* EXERCISE REQUIREMENTS
Once the line with "- Sturdy and" has been located in the records below, set down that line and all subsequent lines exactly, omitting the pictures.

* DATA SUPPLIED
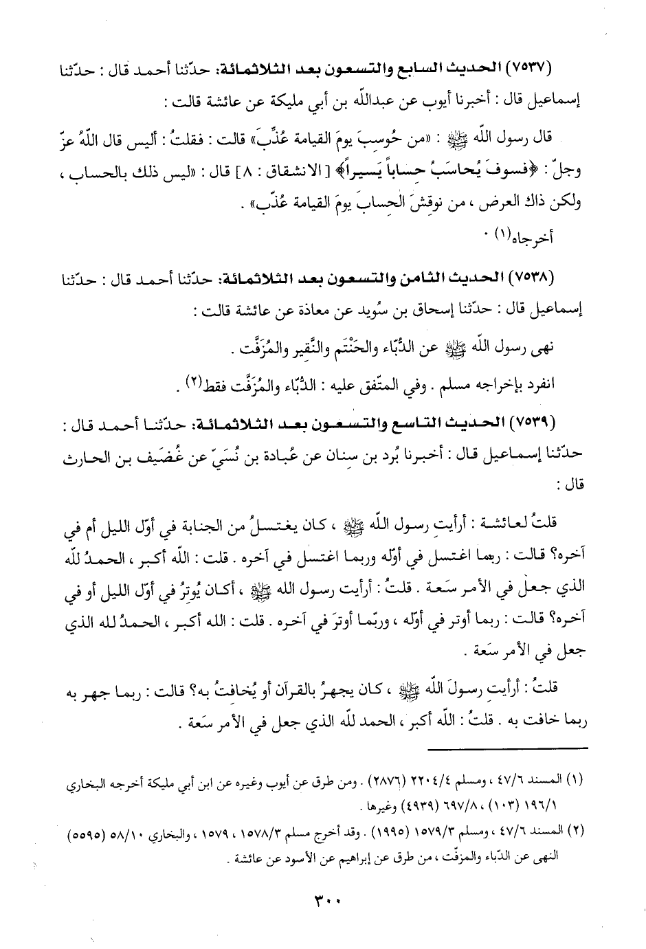 (٢) المسند ٦/ ٤٧، ومسلم ٣/ ١٥٧٩ (١٩٩٥). وقد أخرج مسلم ٣/ ١٥٧٩، ١٥٧٩، والبخاري ١٠/ ٥٨ (٥٥٩٥)
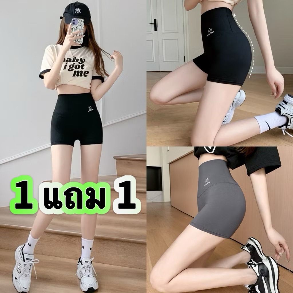 099(1แถม1) กางเกงกระชับสัดส่วน กางเกงขาสั้นกาง โยคะ บางเบา ใส่ออกกำลังกาย ระบายอากาศ ได้ดีเหมาะกับสภาพอากาศร้อน
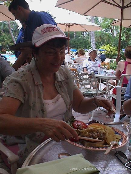After swimming we were treated to a nice meal on the terrace. It reminded Gerry of the old days in Nancy, France, when he would go swimming as often as possible at lunch time and then take his lunch by the side of the open air public pool. Even in the heat and humidity of Florida, there is something so pleasing about eating out of doors. Sadly, however, all good things must come to an end. After our great vacation from vacation we had to mosey on and leave Coco the terrier to take good care of our friends. In the words of the old Vera Lynn song from WWII: "We'll meet again, Don't know where, Don't know when, But we know we'll meet again some sunny day!" |
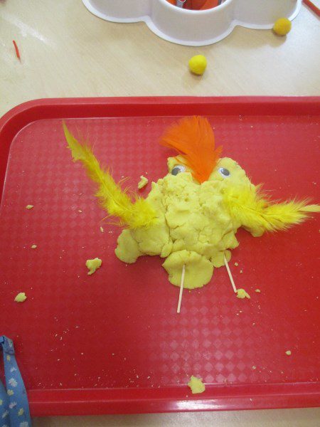 The children also painted their own chicks and used the dough to make some chicks. The children took part in lots chick counting activities too.
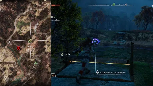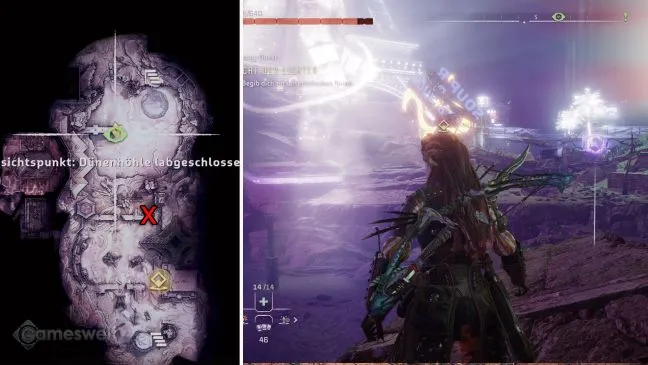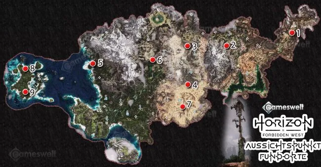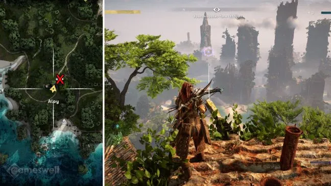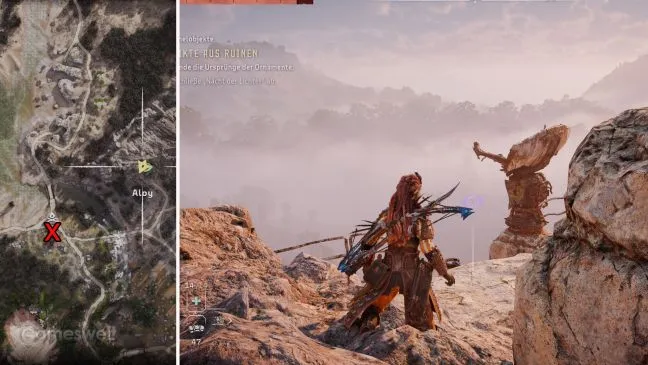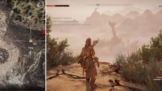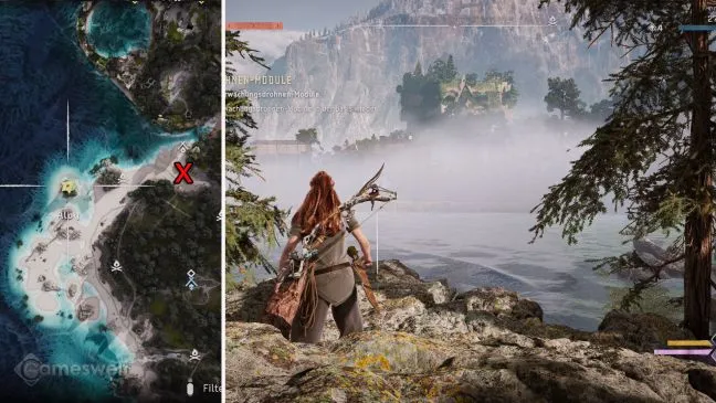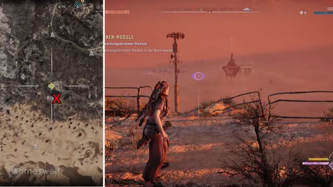 Обратите внимание: Мы стараемся, чтобы наше прохождение было как можно более компактным. Крестик на картах в наших картинках показывает, где находится башня. Место, которое вам нужно найти (включая направление взгляда), можно узнать по значку Aloy рядом с зеленым глазом, который обозначает точку обзора.
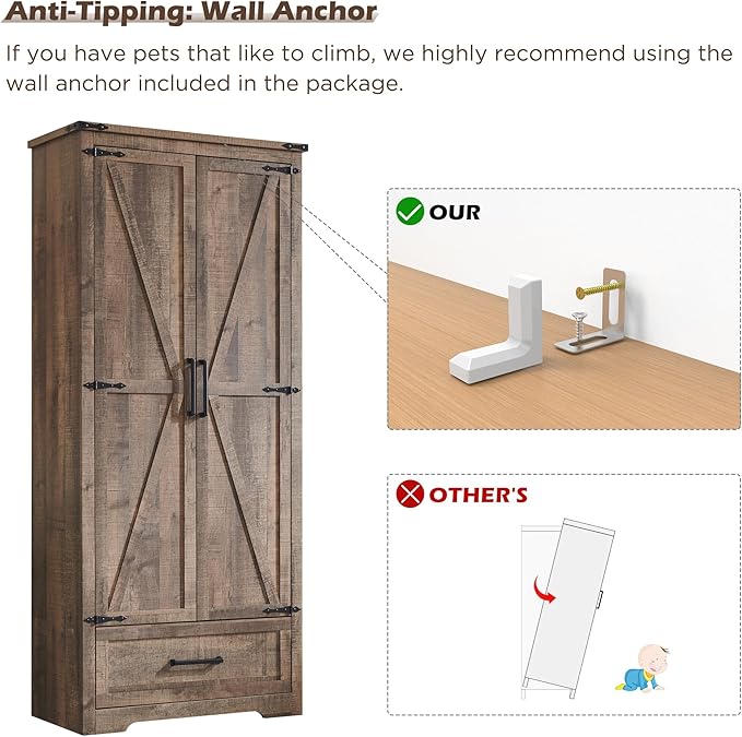 - Sturdy and Safe Design: Crafted from high-quality engineered wood and metal, this cabinet is built for stability and longevity. It includes an anti-tip safety kit for secure wall mounting, ensuring stability even in households with pets. Enjoy peace of mind knowing your family’s safety is a priority
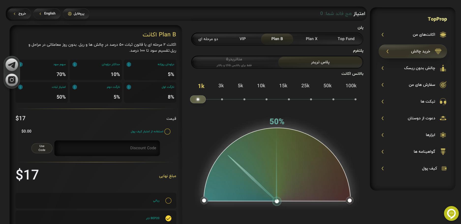 مرحله ۱: انتخاب دقیق پلن معاملاتی: ابتدا به وبسایت رسمی تاپ پراپ مراجعه کرده و از بین پلن های TOP FUND، PlanX، PlanB، VIP و دو مرحله ای، گزینه ای که با استراتژی، تحمل ریسک و اهداف شما همخوانی دارد را انتخاب کنید.
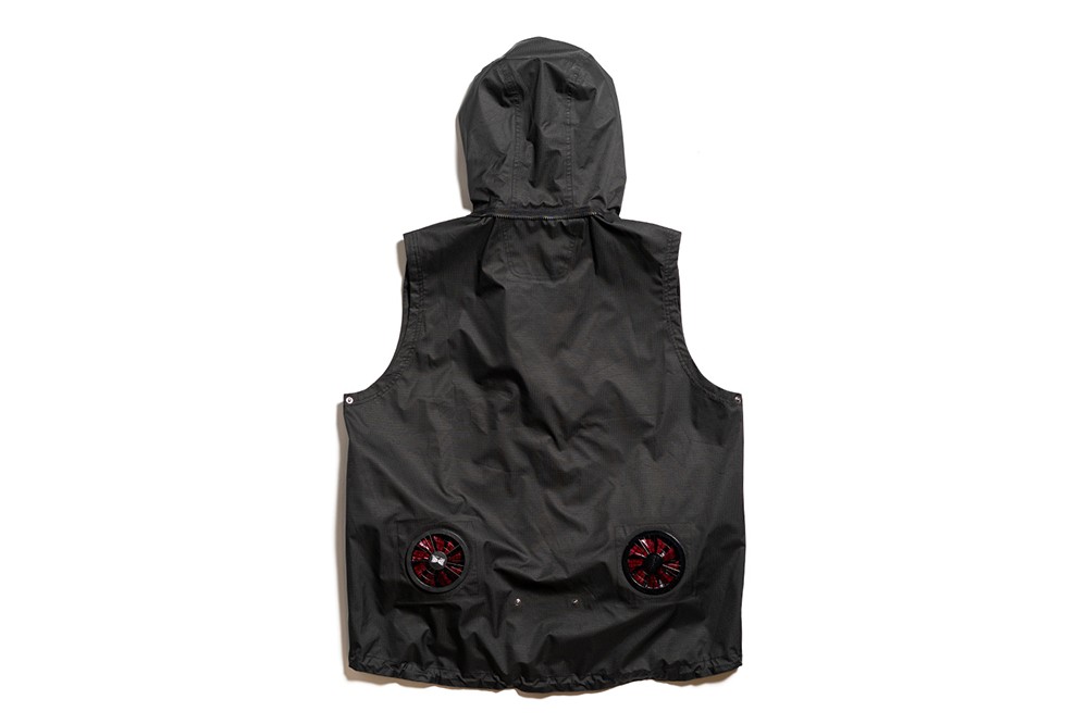 顾名思义,这件自带空气循环系统的防风雨外套能带给穿着者凉爽的着用体验。这件创造力十足的夹克外套是品牌 “kuchofuku” 系列的一部分,该名称意思是 “air-conditioned clothing” ,旨在使用双电扇技术,以便在炎热潮湿的天气中保持凉爽。这件风雨夹克不仅拥有两个可移动的电扇,还胜在 MEANSWHILE 超强的机能设计,以三层透气尼龙防撕裂面料制成,具备完全防水防雨的附加功能。同时,夹克还可转换为背心,实现一衣多穿。

* RESULT FOR THIS EXERCISE
 - Sturdy and Safe Design: Crafted from high-quality engineered wood and metal, this cabinet is built for stability and longevity. It includes an anti-tip safety kit for secure wall mounting, ensuring stability even in households with pets. Enjoy peace of mind knowing your family’s safety is a priority
 مرحله ۱: انتخاب دقیق پلن معاملاتی: ابتدا به وبسایت رسمی تاپ پراپ مراجعه کرده و از بین پلن های TOP FUND، PlanX، PlanB، VIP و دو مرحله ای، گزینه ای که با استراتژی، تحمل ریسک و اهداف شما همخوانی دارد را انتخاب کنید.
 顾名思义,这件自带空气循环系统的防风雨外套能带给穿着者凉爽的着用体验。这件创造力十足的夹克外套是品牌 “kuchofuku” 系列的一部分,该名称意思是 “air-conditioned clothing” ,旨在使用双电扇技术,以便在炎热潮湿的天气中保持凉爽。这件风雨夹克不仅拥有两个可移动的电扇,还胜在 MEANSWHILE 超强的机能设计,以三层透气尼龙防撕裂面料制成,具备完全防水防雨的附加功能。同时,夹克还可转换为背心,实现一衣多穿。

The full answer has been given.